Das Internet krempelt die Zeitungsbranche um - und die „Washington Post” verzeichnete sieben Jahre in Folge Umsatzrückgänge.
Ein erstes deutliches Alarmsignal kam 2009, als die Büros in Chicago, Los Angeles und New York dichtgemacht wurden. Einsparungen im Newsroom folgten. Don Graham zog jetzt den Verkauf an den milliardenschweren Amazon-Gründer Jeff Bezos einem strikten Sparkurs vor.

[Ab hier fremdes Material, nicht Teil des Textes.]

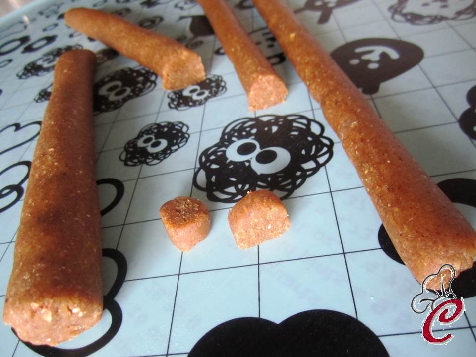 Riprendetelo e dividete l'impasto in 4 parti. Ricavate da ciascuna di queste un cilindro del diametro di un paio di centimetri.Con un coltello ben affilato tagliate dei bottoncini spessi circa un centimetro.
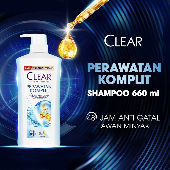 CLEAR Shampoo Anti Ketombe Perawatan Komplit, 48 Jam Melindungi dari Gatal dan Lawan Minyak dengan
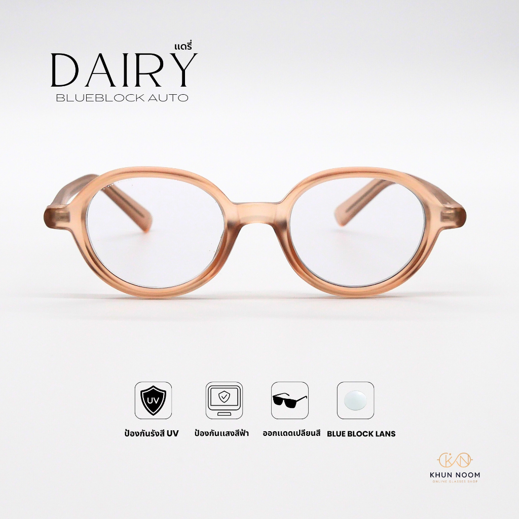 แว่นตาสายตายาว เลนส์บลูบล็อคออโต้ รุ่น DAIRY ''เเดรี่'' 8009 กรองแสงสีฟ้า ในร่มเลนส์ใส ออกแดดเปลี่ยนสีเป็นเทาดำ ราคา 1,290 บาท
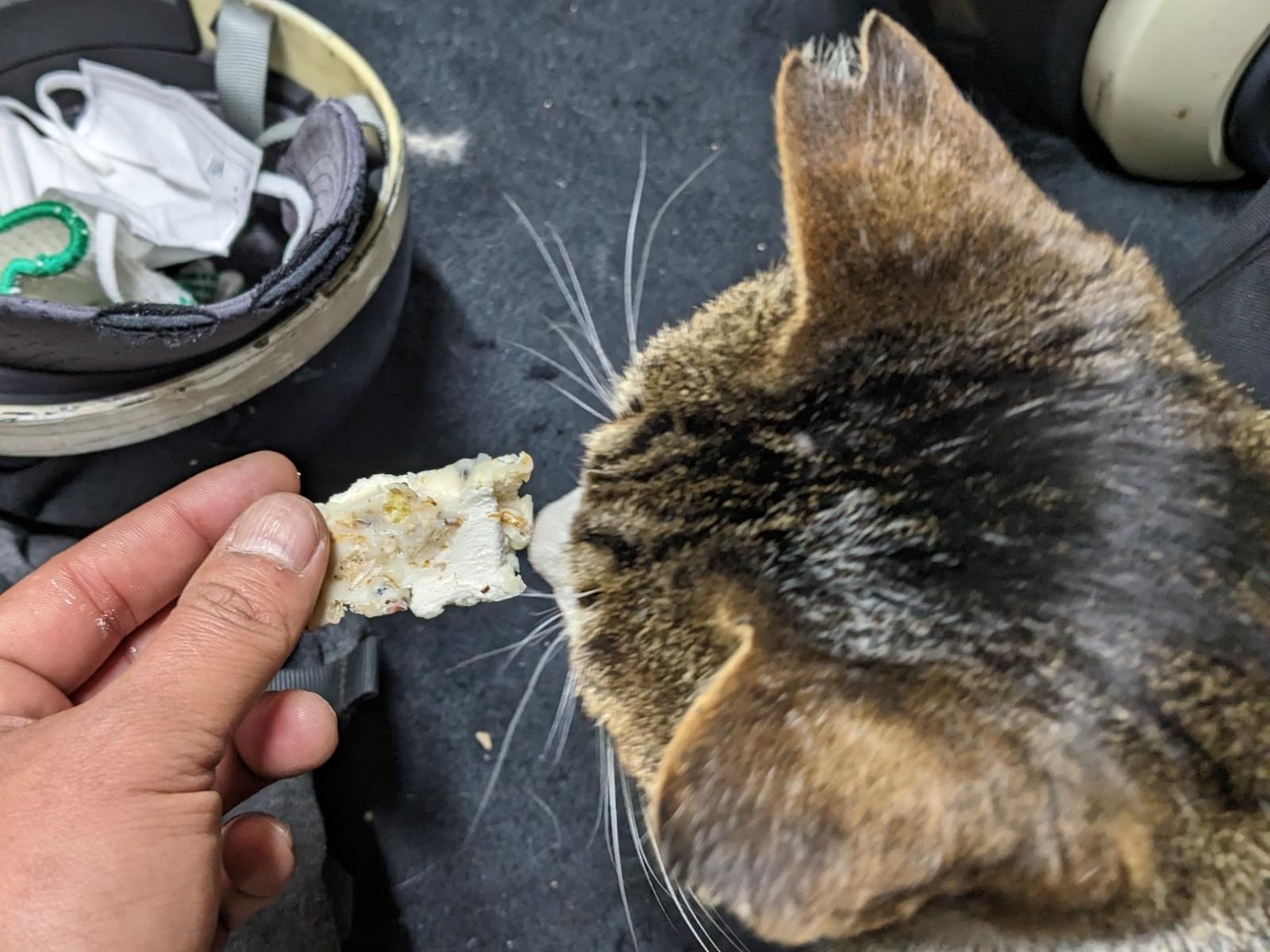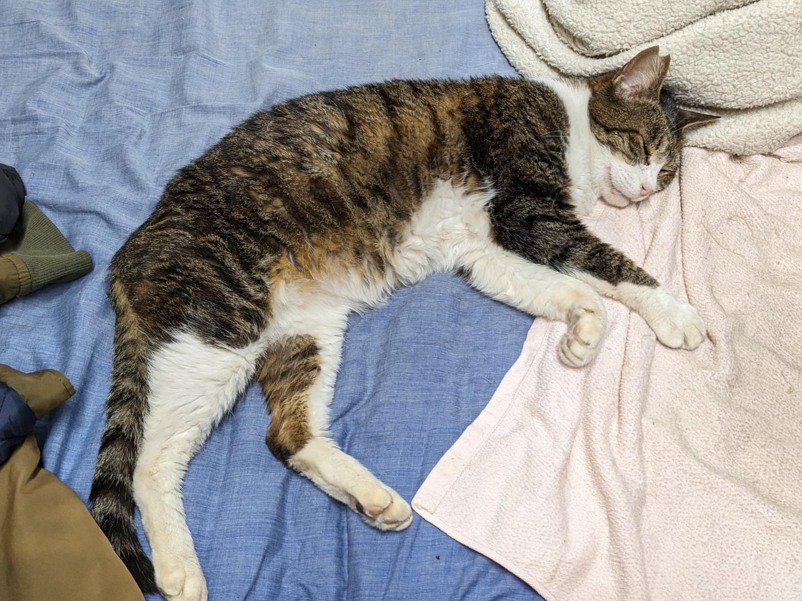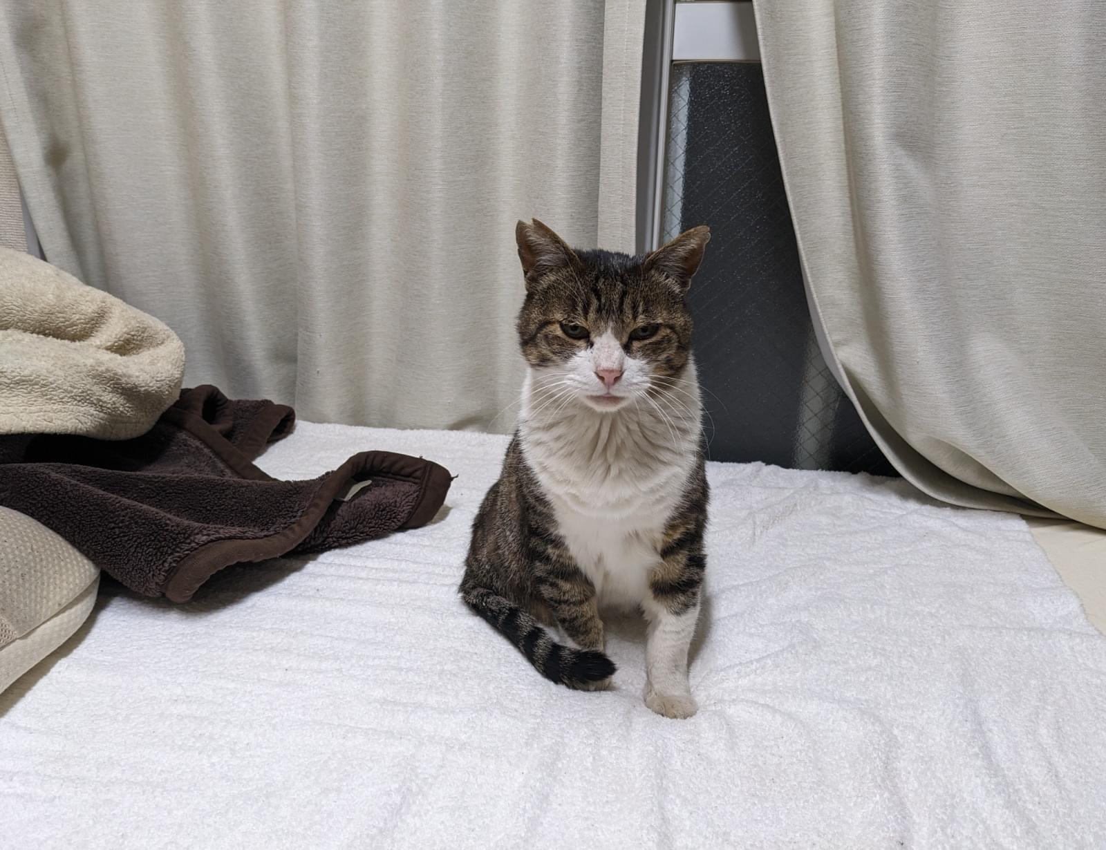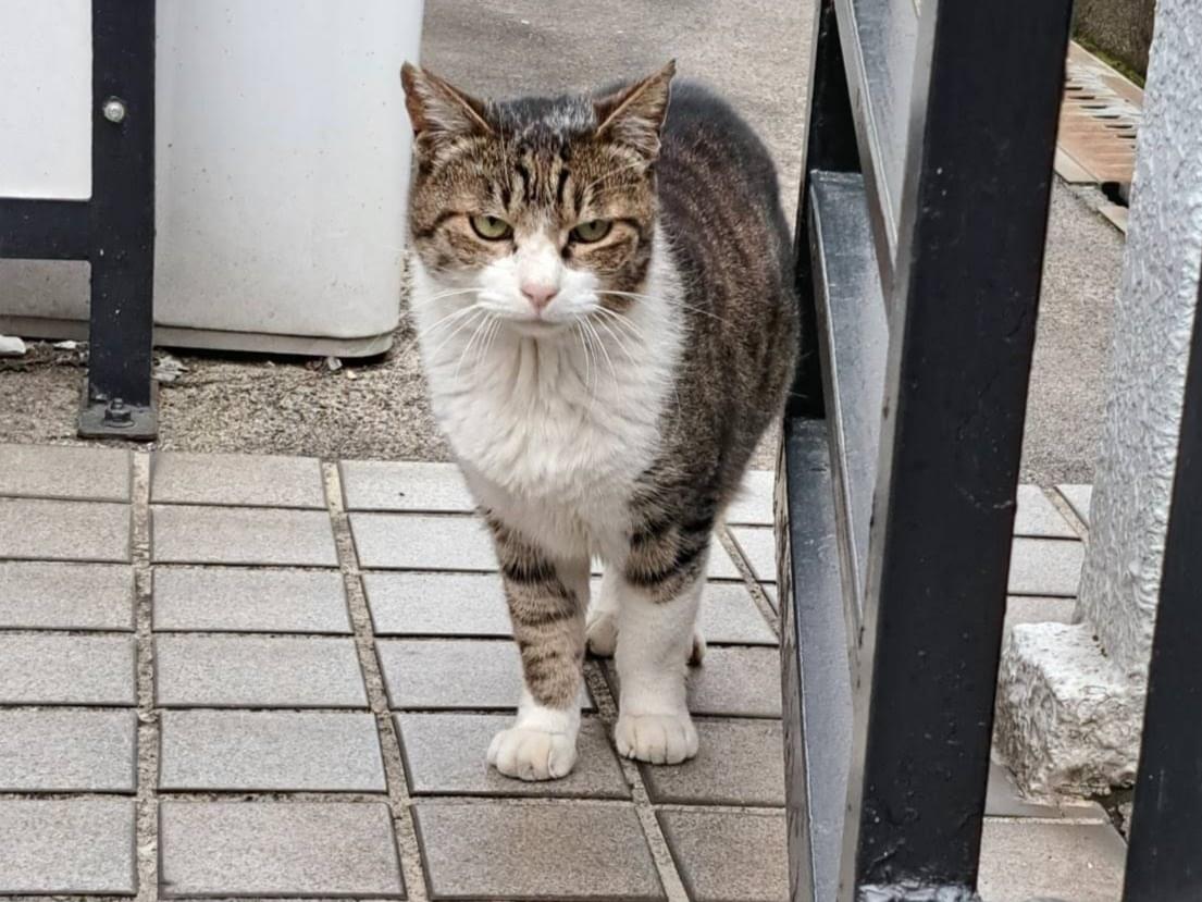 右耳カット、頭のてっぺんに丸い白髪、右後足がケガで2本爪が出ています。
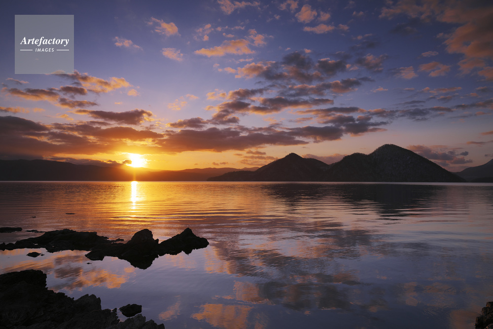 作品タイトル     洞爺湖と中島の日の出 モデルリリース なし
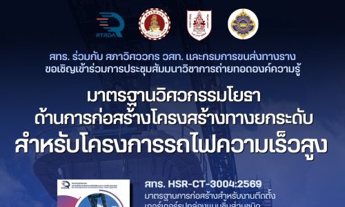 ขอเชิญประชุมสัมมนาวิชาการ | หัวข้อ “มาตรฐานวิศวกรรมโยธา ด้านการก่อสร้างโครงสร้างทางยกระดับ สำหรับโครงการรถไฟความเร็วสูง ”
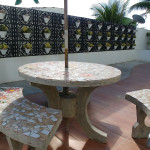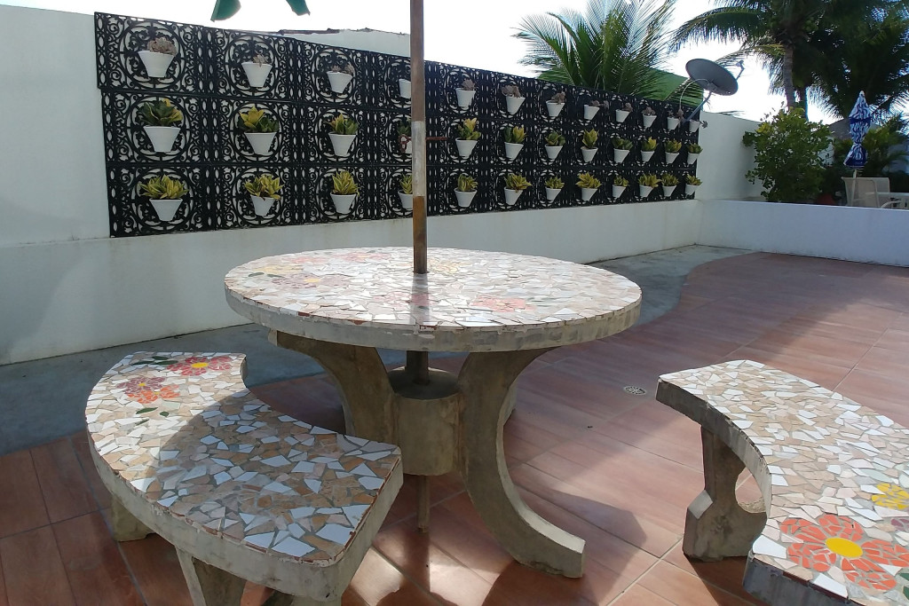 Possui uma amplo terraço privativo com móveis de jardim.
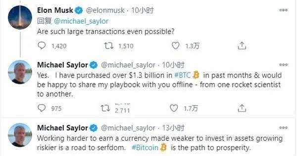 随后马斯克回复问道:‘这么大的交易有可能实现吗?’塞勒则回应称:‘是的,在过去几个月中,我已经购买了价值超13亿美元的比特币,我很愿意在线下与你分享我的经验。’

Bezos' Führungsstil bei Amazon ist so eigenwillig wie kontrovers. Man erzählt, er lasse in Besprechungen oft einen Stuhl frei – für den imaginären Kunden. In den klammen Anfangsjahren wurden kurzerhand Türen zu Schreibtischen umfunktioniert, Top-Manager müssen alle paar Jahre an die Telefon-Hotline. Wachstum geht vor Gewinn, selbst wenn es schwarze Zahlen gibt, sind sie für ein Unternehmen dieser Größe eher symbolisch.
Bezos, der als Kind viel Zeit auf der Ranch seines Großvaters in Texas verbrachte, gründete Amazon 1994. Die Firma überlebte das Platzen der Internet-Blase vor über zehn Jahren und ist der weltgrößte Online-Einzelhändler. „Ich habe in meinen Jahren im Geschäft gelernt, dass es am gefährlichsten ist, sich nicht von den anderen zu unterscheiden”, sagte Bezos in einem dpa-Interview. „Wir wollen Sachen erfinden, die den Leuten anfangs ungewöhnlich vorkommen – aber einige Jahre später für alle normal sind.”
Der quirlige Milliardär – vielleicht hätte er auch gar keine Zeit für die „Washington Post“. Bekannt ist er nämlich vor allem durch seine verrückten Hobbys: Raumfahrt zum Beispiel. Er versucht, Reisen ins Weltall auf die Beine zu stellen, eigenes Raumschiff inklusive. Ein Prototyp stürzte bei einem unbemannten Testflug sogar ab, Bezos bleibt dran und scheute in der Zwischenzeit keine Mühen, um Triebwerke der Trägerrakete von „Apollo 11” vom Meeresgrund zu heben.